ABOUT THIS TASK: The reply must repeat the listing below exactly and carry none of its pictures.

INFORMATION PROVIDED:
________________________________________
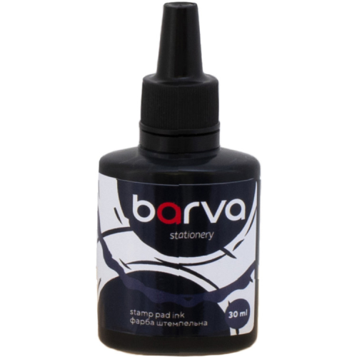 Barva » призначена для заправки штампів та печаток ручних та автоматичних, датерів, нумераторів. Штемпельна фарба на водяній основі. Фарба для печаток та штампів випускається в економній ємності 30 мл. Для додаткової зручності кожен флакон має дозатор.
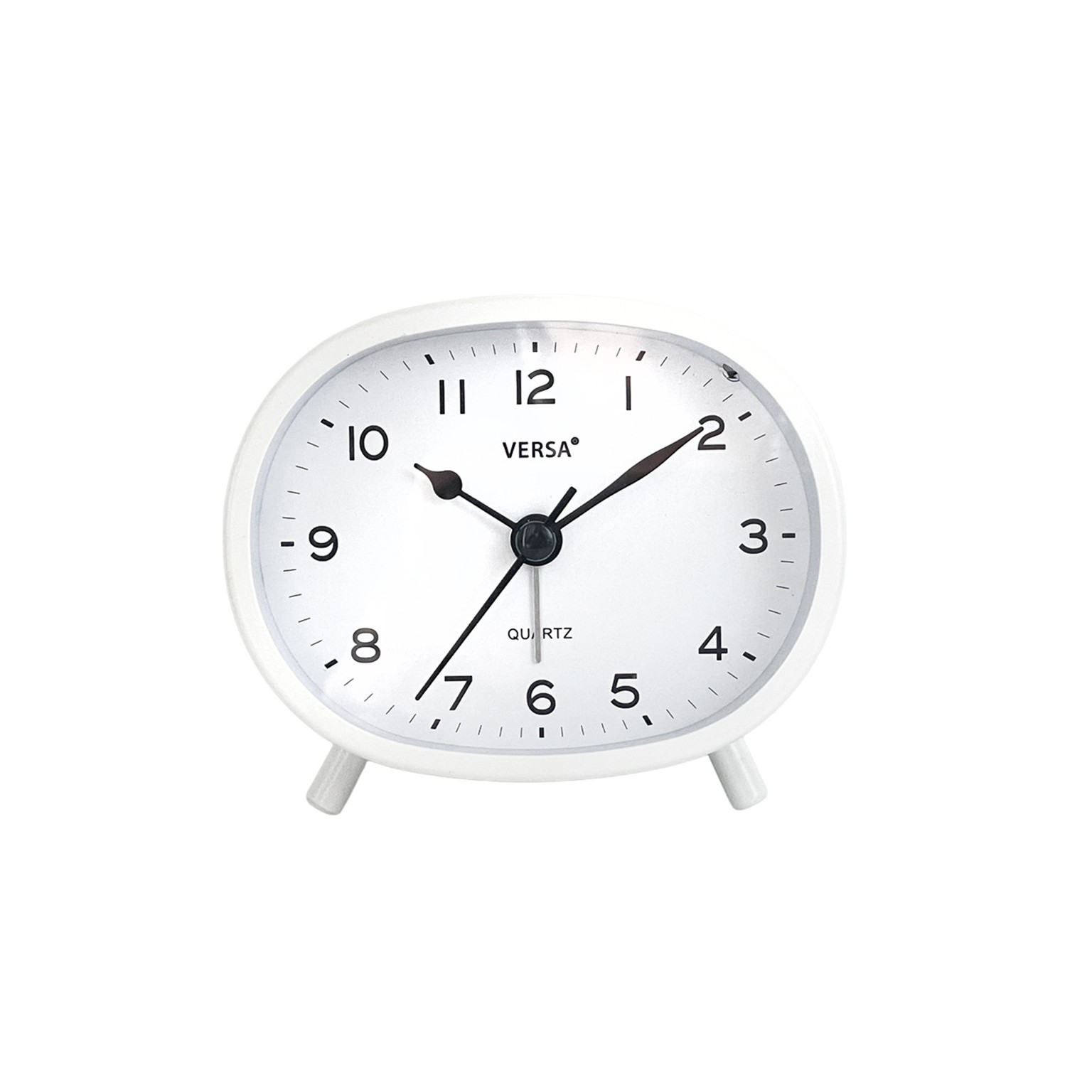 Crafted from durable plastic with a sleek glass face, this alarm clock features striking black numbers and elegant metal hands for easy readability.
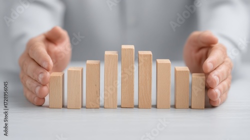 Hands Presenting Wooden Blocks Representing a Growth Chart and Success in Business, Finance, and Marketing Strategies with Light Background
________________________________________
EXERCISE RESPONSE:
 Barva » призначена для заправки штампів та печаток ручних та автоматичних, датерів, нумераторів. Штемпельна фарба на водяній основі. Фарба для печаток та штампів випускається в економній ємності 30 мл. Для додаткової зручності кожен флакон має дозатор.
 Crafted from durable plastic with a sleek glass face, this alarm clock features striking black numbers and elegant metal hands for easy readability.
 Hands Presenting Wooden Blocks Representing a Growth Chart and Success in Business, Finance, and Marketing Strategies with Light Background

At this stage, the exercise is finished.